* **WHAT YOU NEED TO DO**: Find "Glasses for Women" in the material, then return exactly the line containing it and all lines after it to the end, leaving out pictures.

* **INFORMATION SHOWN**:
####################
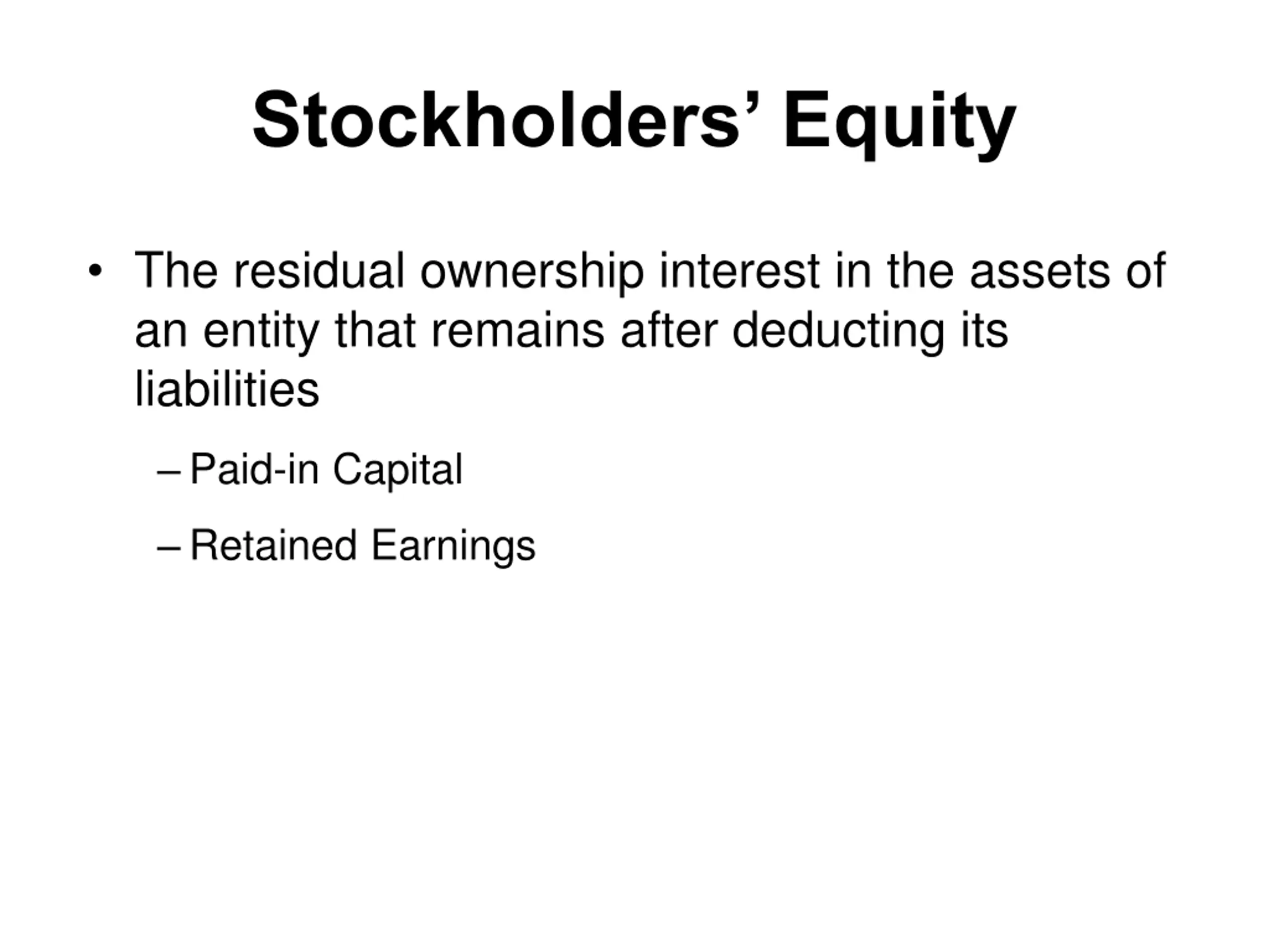 Stockholders Equity The residual ownership interest in the assets of an entity that remains after deducting its liabilities Paid-in Capital Retained Earnings
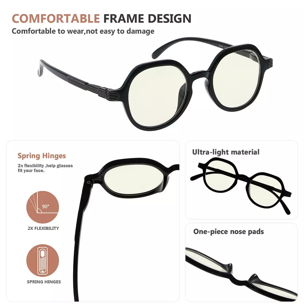 • Round Oval Small Blue Light Blocking Reading Glasses for Women
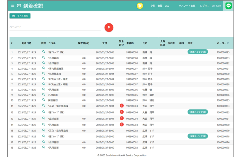 バーコードリーダーで採取ラベルを読み込み、受付処理。
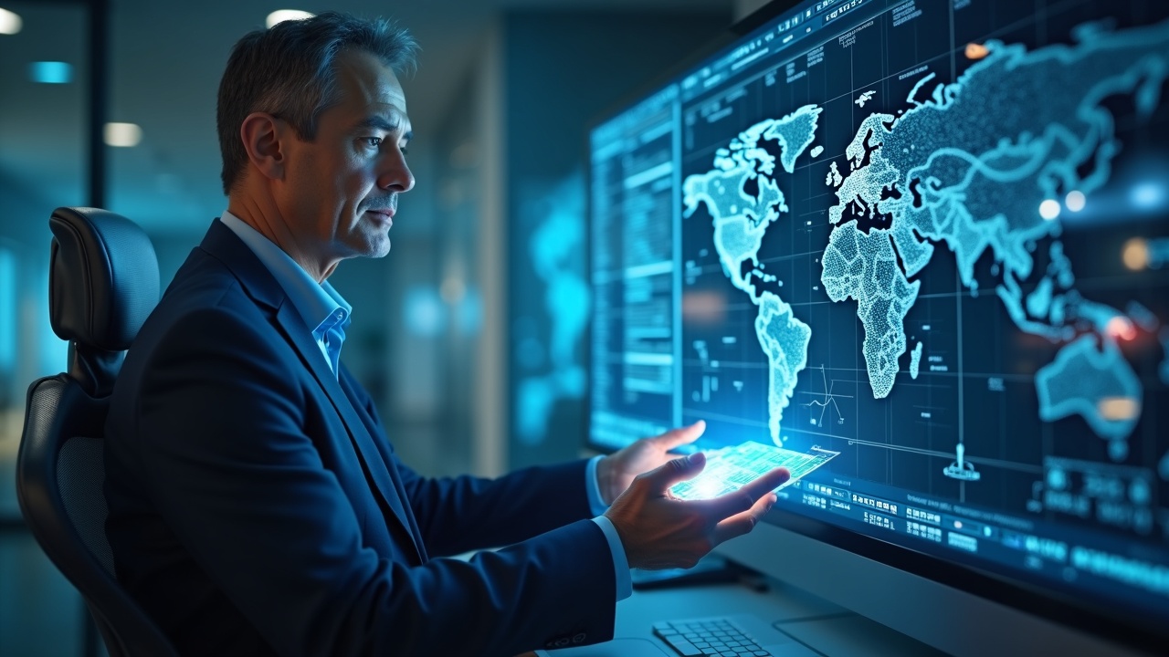 Un inversor institucional sénior revisa los dividendos en cadena en una pantalla holográfica con un mapa de red multicadena.
####################
* **SOLUTION TO THIS PROBLEM**:
 • Round Oval Small Blue Light Blocking Reading Glasses for Women
 バーコードリーダーで採取ラベルを読み込み、受付処理。
 Un inversor institucional sénior revisa los dividendos en cadena en una pantalla holográfica con un mapa de red multicadena.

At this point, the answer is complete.